Architecture Designed for Removal
The mark of a well-built agent system is how easily it can be dismantled.
Every system in the history of software engineering was designed to last. You build frameworks, abstractions, and infrastructure with the assumption that they’ll be load-bearing for years. Durability is the default virtue.
AI agent architecture inverts this completely. The best architecture you can build today is architecture that becomes unnecessary tomorrow.
This is genuinely counterintuitive. We’re trained to think of good engineering as building things that endure. But when the underlying capability - the model - improves on a quarterly cadence, the scaffolding you build around it has a shelf life measured in months, not years.
The History of Permanent Systems
Think about every major system architecture of the last few decades:
- Microservices were designed to be the permanent decomposition of your monolith
- Kubernetes was designed to be the permanent orchestration layer
- REST APIs were designed to be the permanent interface contract
- Database schemas were designed to be the permanent data model
Each of these assumes stability. You invest heavily upfront because the architecture will pay dividends over a long lifespan. Removing them is a crisis, not a plan.
What’s Different About AI
With AI agents, the scaffolding you build today compensates for specific model limitations that may not exist in six months.
I wrote about this earlier as the Scaffolding Trap - teams build elaborate state machines, rigid prompt chains, and heavy guardrails to compensate for what models can’t do yet. The result benchmarks well. It also doesn’t think.
But the deeper architectural insight goes beyond avoiding over-scaffolding. It’s that the goal of good agent architecture is to make itself removable.
- The prompt chain you built because the model couldn’t hold context across a long investigation? That should dissolve when context windows grow.
- The hardcoded decision tree that routes alerts to specialized sub-agents? That should become optional when a single model can reason across the full problem space.
- The guardrails that prevent the model from taking certain actions? Some should relax as the model’s judgment improves. Others stay - but you should know which is which.
Designing for Disappearance
This requires a different engineering mindset:
- Every piece of scaffolding needs a removal condition. Not “we’ll refactor someday” - an explicit statement of what model capability would make this component unnecessary.
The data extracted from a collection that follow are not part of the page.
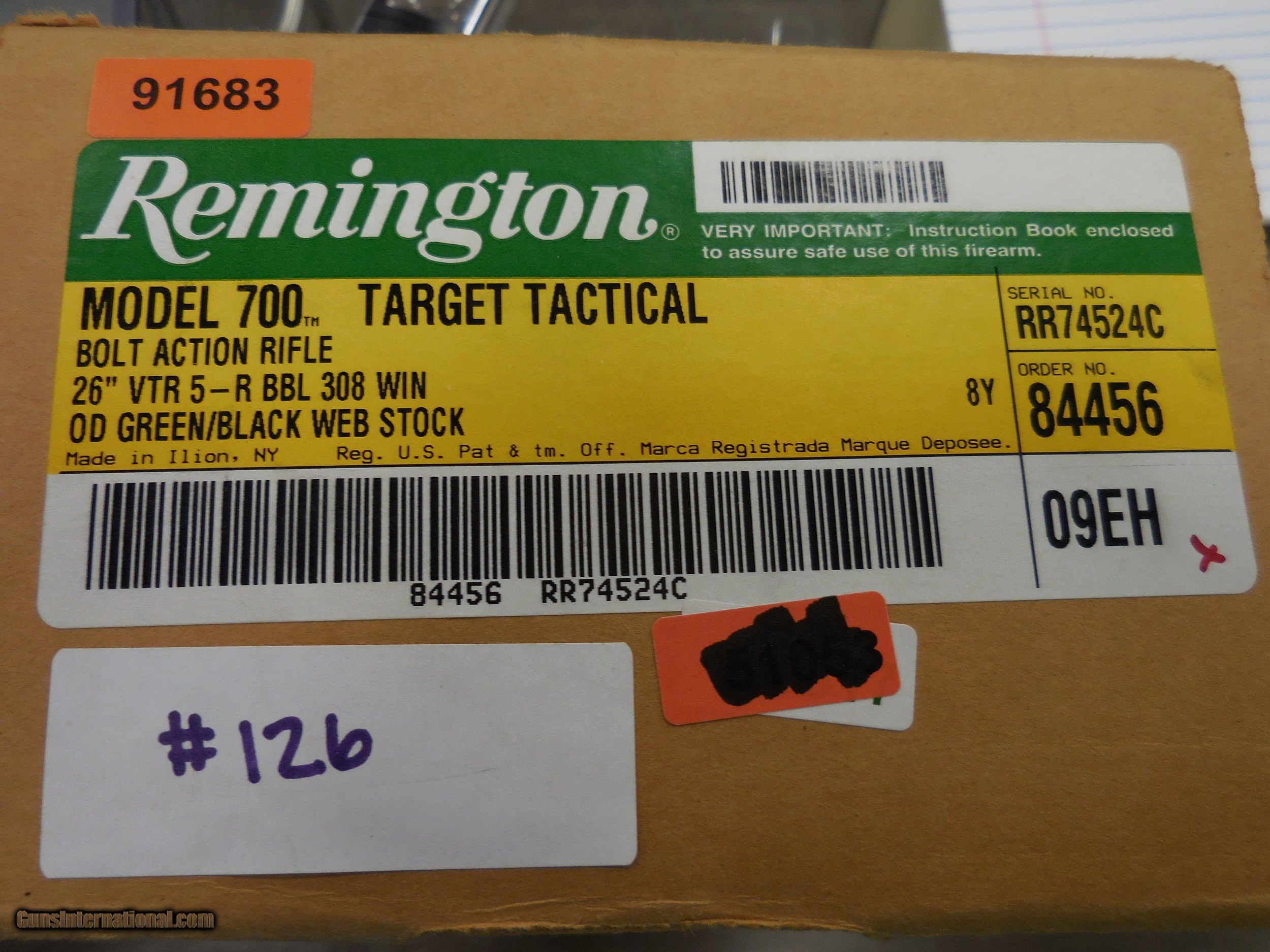 Description: HAVE A REMINGTON MODEL 700 TARGET TACTICAL 308 26" VTR 5 BARREL CUSTOM BLACK FINISH OVER ORIG GREEN SKU 84456 ALL LIKE NEW IN ORIG BOXES [ HAVE 2 TO SELL IDENTICAL ] CALL TO ORDER AT 401 738 1889 SOLD |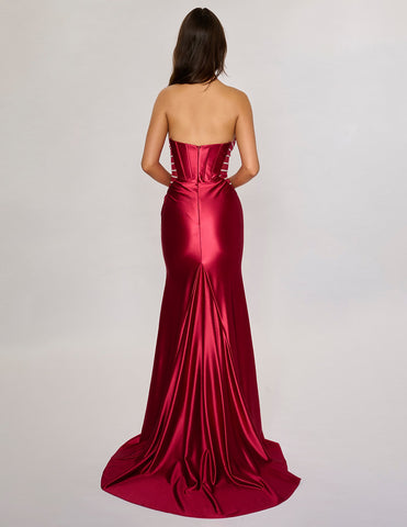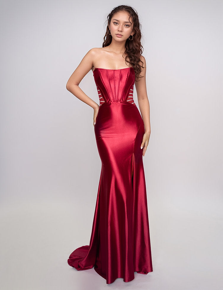 Elevate your formal look with the Nina Canacci 5307 dress. Its strapless design and corset bodice provide a flattering fit, while the side cut outs with rhinestone detailing add a touch of sparkle. With its long length and slit for ease of movement, you'll be the star of any event.
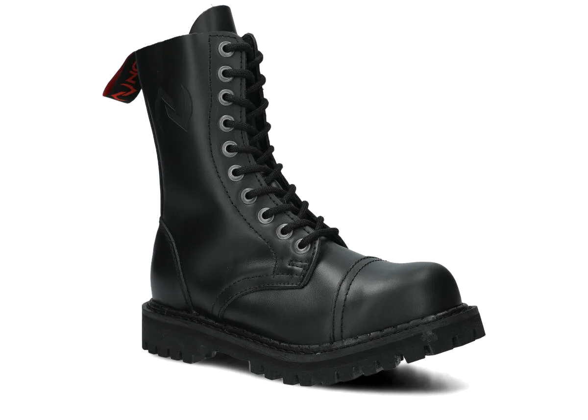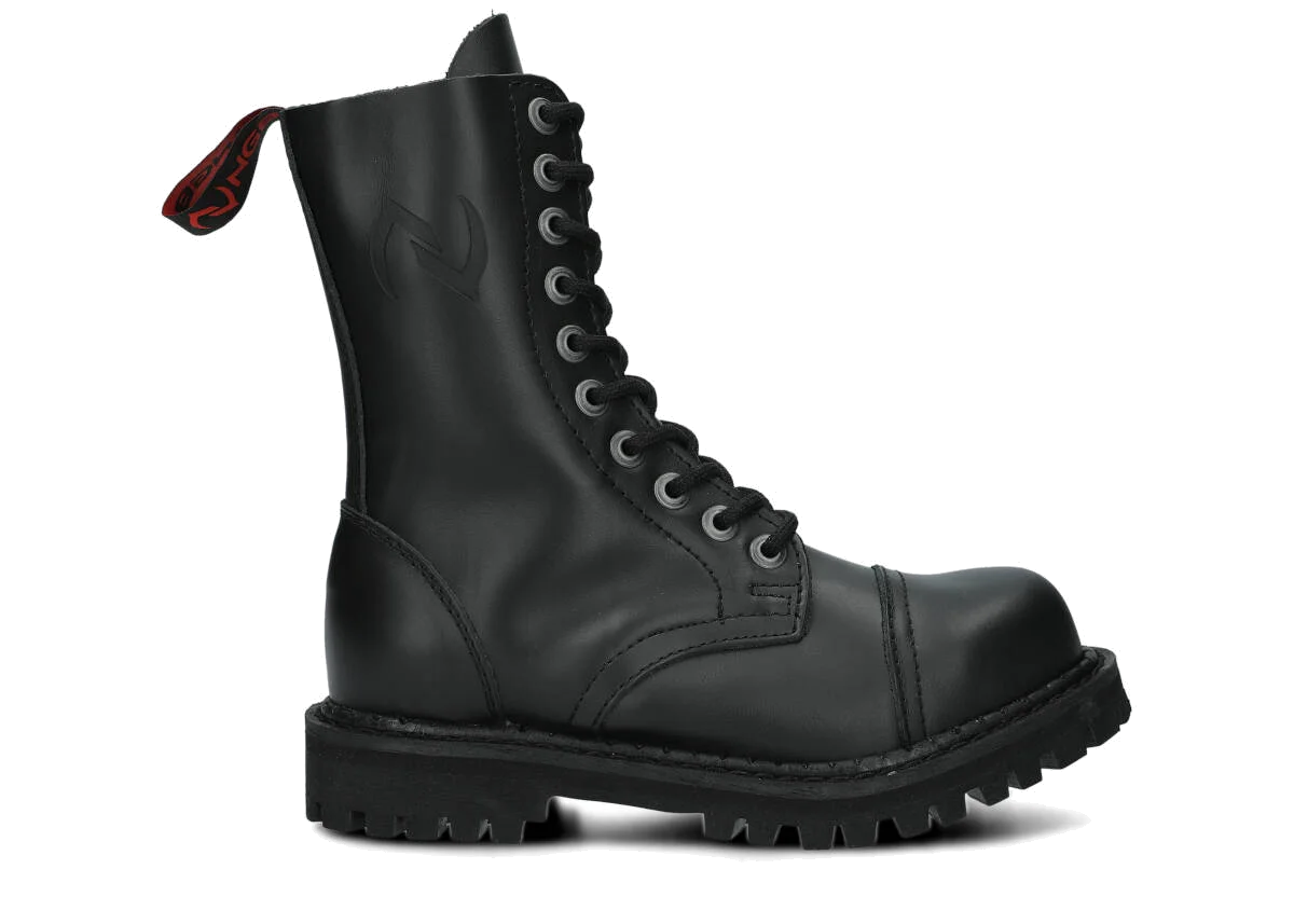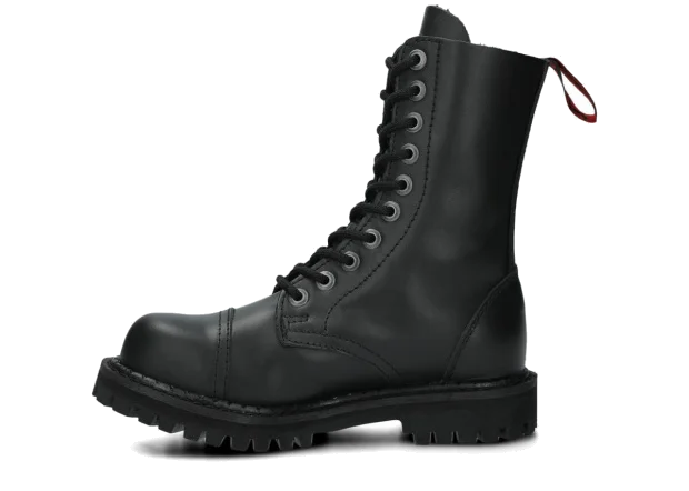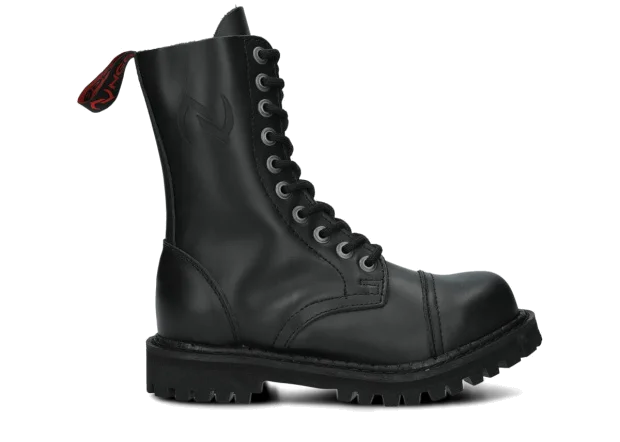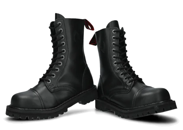 Ponúkané čierne glany s 10 dierkami boli vyrobené, aby poskytovali najlepšie pohodlie. Precízna výroba. Podrážka je vyrobená z pravej poľskej gumy s ozdobnými skrutkami a kovovým logom značky.

- Loose coupling isn’t just about services - it’s about intelligence levels. Your architecture should work at today’s model capability but degrade gracefully upward as models improve. Most systems degrade downward. Agent systems need to upgrade without rewrites.
- Configuration over code for capability boundaries. The line between “model handles this” and “scaffolding handles this” should be a dial, not a rewrite. At Simbian, we’ve been calling this “autonomy-agnostic” design - the ability to increase or decrease the model’s autonomy without changing the system architecture.
- Measure scaffolding debt. Just as we track technical debt, track scaffolding debt - code that exists purely to compensate for current model limitations. This debt automatically pays itself down as models improve, but only if you’ve designed for removal.
The Paradox
The paradox of AI agent architecture is that the mark of a well-built system is how easily it can be dismantled.
In traditional engineering, a system that’s easy to remove is a system that was never important. In agent engineering, a system that’s hard to remove is a system that’s becoming a liability - because it’s locking you into yesterday’s model limitations.
The best code you write today is code that becomes unnecessary tomorrow. That’s not a failure of engineering. That’s the point.